Single by John Mayer

from the album Continuum
- Released: July 4, 2007
- Genre: Blues rock; alternative rock;
- Length: 4:05
- Label: Aware
- Songwriter: John Mayer
- Producers: John Mayer; Steve Jordan; Sculpture Music Group;

John Mayer singles chronology
| "Gravity" (2006) | "Dreaming with a Broken Heart" (2007) | "Say" (2007) |

= Dreaming with a Broken Heart =

"Dreaming with a Broken Heart" is a song by John Mayer from his 2006 album Continuum. It was released to US radio and as a digital download single in July 2007.

The single entered the US Billboard Hot 100 chart at its peak position of number 99. It also peaked on the Adult Top 40 at number 8, making it Mayer's eighth single to enter the top 10 on Billboards Adult Top 40 chart.

Billboard called the song "Another bull's-eye from that rare singer/songwriter who has proved to be a cinch for success."

In October 2007, the song was featured prominently in "The Trey Wiggs Taps Back Episode", a second-season episode of the CW/BET comedy-drama television series The Game.

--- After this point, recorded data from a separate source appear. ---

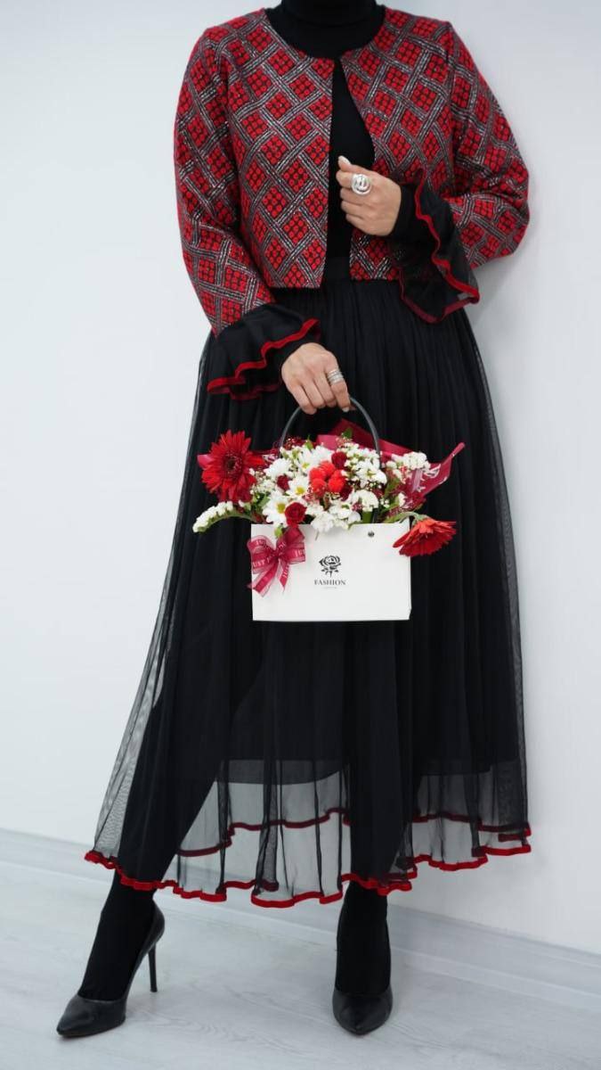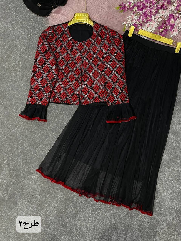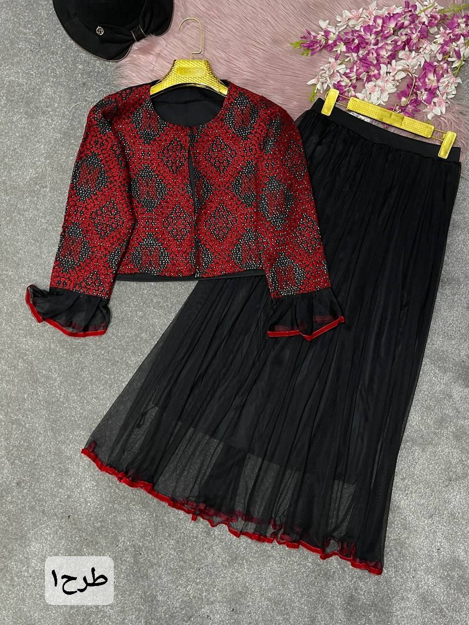 ست کت دامن یلدایی زنانه جنس تافته و تور
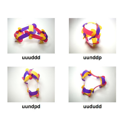 The "Word" mentioned in our title is written in a made-up language called undip. Undip uses a four-letter alphabet {u, n, d, p}. I'm going to skip over what we were actually teaching at our booth—how a weaver can interpret an undip word to make a basket—here I want to talk about the language itself, which is a language describing sculptural shapes. You'll have to trust me that a weaver could read the undip words in these captions and weave the baskets shown above them.
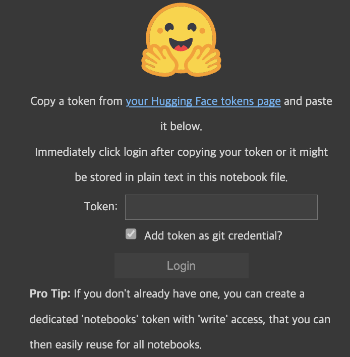 이때, 각자의 허깅페이스 계정의 토큰을 입력해야 합니다.
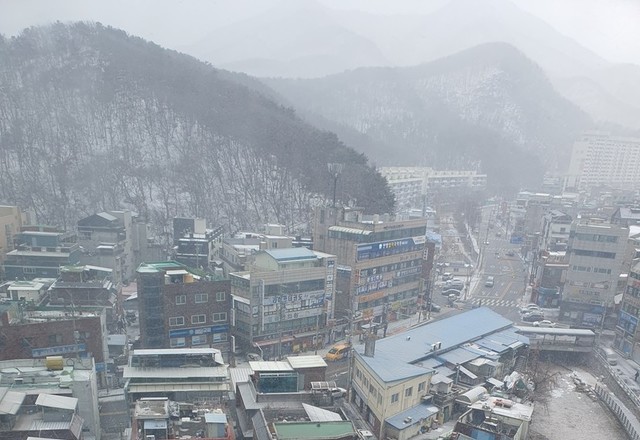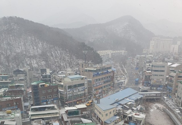 내가 밖에 나갔다가 집에 들어오니 눈발이 날리다가 강한 바람이 동반하면서 두번째 사진은 눈이 산과길과 나무에도조금 붙어있는 것은 카메라에 안 잡혀 눈 내래는 살감할 수 없요.다음에 잘 찍머 볼께요.
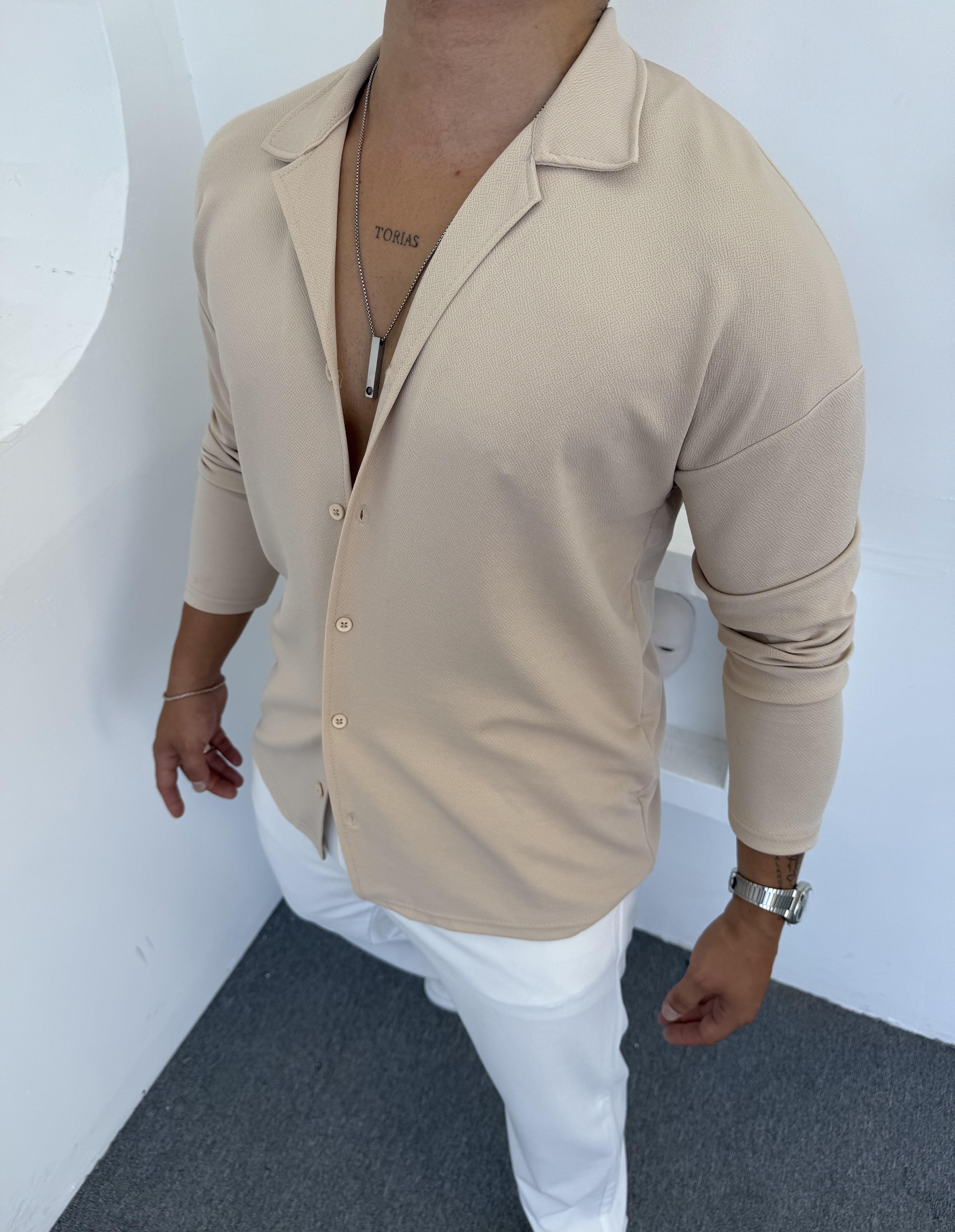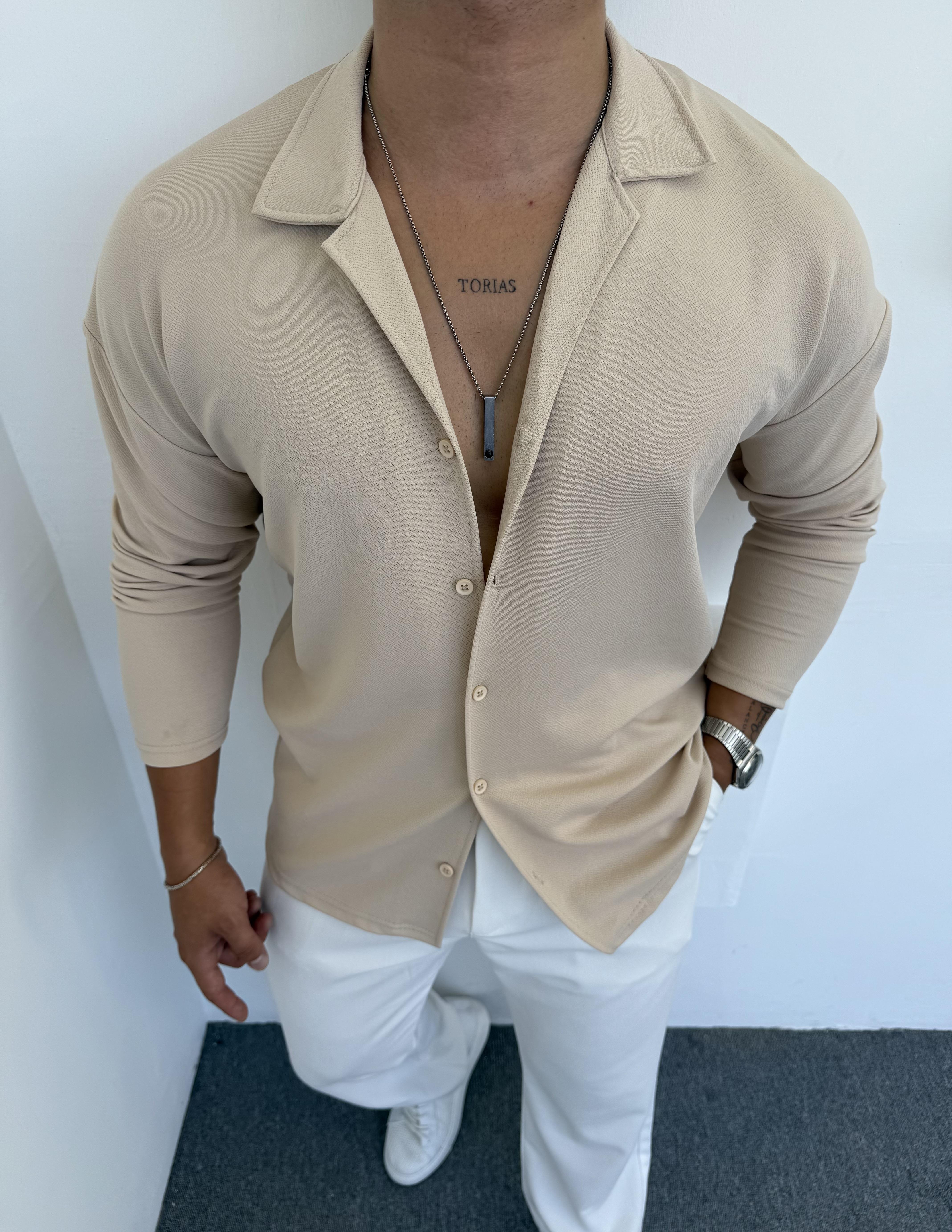 Crap Kumaş Uzun Kol Pamuk Gömlek Krem
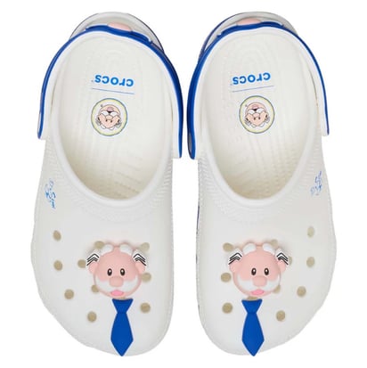 La edición especial retoma el clásico modelo de Crocs, en color blanco con detalles en azul que hacen referencia directamente a la imagen del Dr. Simi. Sin embargo, lo que distingue a este calzado son los elementos personalizados.

Mia Michaels choreographed a contemporary routine with Twitch and Kherington to this song in the fourth season of So You Think You Can Dance. Penn Masala covered this song in their seventh album, Panoramic.

==Personnel==
- John Mayer – vocals, guitar, producer
- Steve Jordan – drums, percussion, producer
- Pino Palladino – bass
- Ricky Peterson – piano
- Chad Franscoviak – engineer
- Michael Brauer – mixing
- Will Hensley – mix assistant

==Cover versions==

Daniel Evans, a finalist on The X Factor (UK) covered this on his YouTube channel in June 2013 and was subsequently featured on his 2013 EP, "Reflections".

==Charts==

===Weekly charts===

| Chart (2007) | Peak position |
|---|---|
| Canada Hot 100 (Billboard) | 69 |
| Netherlands (Single Top 100) | 96 |
| US Billboard Hot 100 | 99 |
| US Adult Contemporary (Billboard) | 13 |
| US Adult Pop Airplay (Billboard) | 8 |

===Year-end charts===

| Chart (2007) | Position |
|---|---|
| US Adult Top 40 (Billboard) | 33 |
| Chart (2008) | Position |
| US Adult Contemporary (Billboard) | 39 |

==Certifications==

| Region | Certification | Certified units/sales |
| United States (RIAA) | Platinum | 1,000,000^{‡} |
^{‡} Sales+streaming figures based on certification alone.